Hello @petems, I'm Gemini Code Assist1! I'm currently reviewing this pull request and will post my feedback shortly. In the meantime, here's a summary to help you and other reviewers quickly get up to speed!

This pull request significantly upgrades the application's interaction with the GitHub API by introducing sophisticated rate limit management and structured logging. The core change involves refactoring rate limit detection and retry mechanisms into a dedicated class, allowing for differentiated handling of primary and secondary rate limits.
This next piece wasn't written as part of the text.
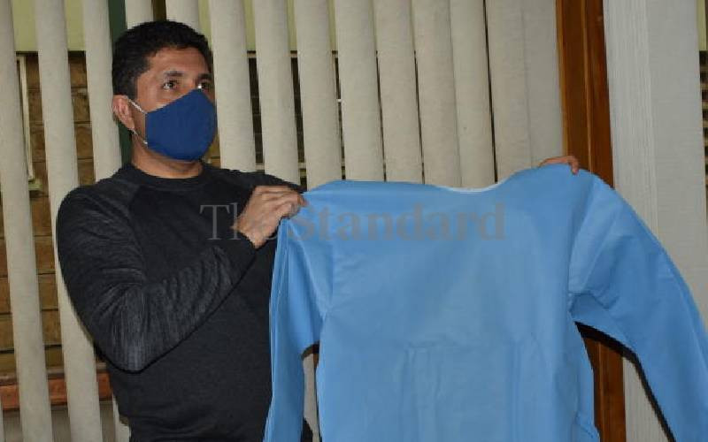 Manchester Outfitters Executive Director Rajesh Galot displaying sample of Surgical gown produced locally by the firm against Covid-19 pandemic. [Samson Wire, Standard]

This, combined with detailed, machine-parseable logs, aims to enhance the system's resilience, debuggability, and operational visibility when dealing with GitHub's API constraints.

Highlights

  • Enhanced Rate Limit Handling: Implemented distinct logic for GitHub's primary and secondary rate limits, ensuring more robust and compliant API interaction by differentiating between abuse detection and standard rate limits.
  • Structured Logging: Introduced production-grade structured logging with contextual metadata for improved observability, debugging, and monitoring of API calls and rate limit events, including GitHub Request IDs for support escalation.
  • Refactored Rate Limit Logic: Extracted all rate limit handling into a dedicated RateLimitHandler class, significantly reducing code duplication (by 97 lines) and improving maintainability and testability across both REST and GraphQL API clients.
  • Smart Retry Mechanism: Configured a one-retry policy with a 60-second backoff for secondary rate limits and header-based backoff for primary limits, with the exponential backoff cap increased from 5 seconds to 15 seconds.
  • Comprehensive Testing: Added 12 new unit tests specifically for the new rate limit handling logic and updated 6 existing tests to leverage structured logging assertions instead of capsys.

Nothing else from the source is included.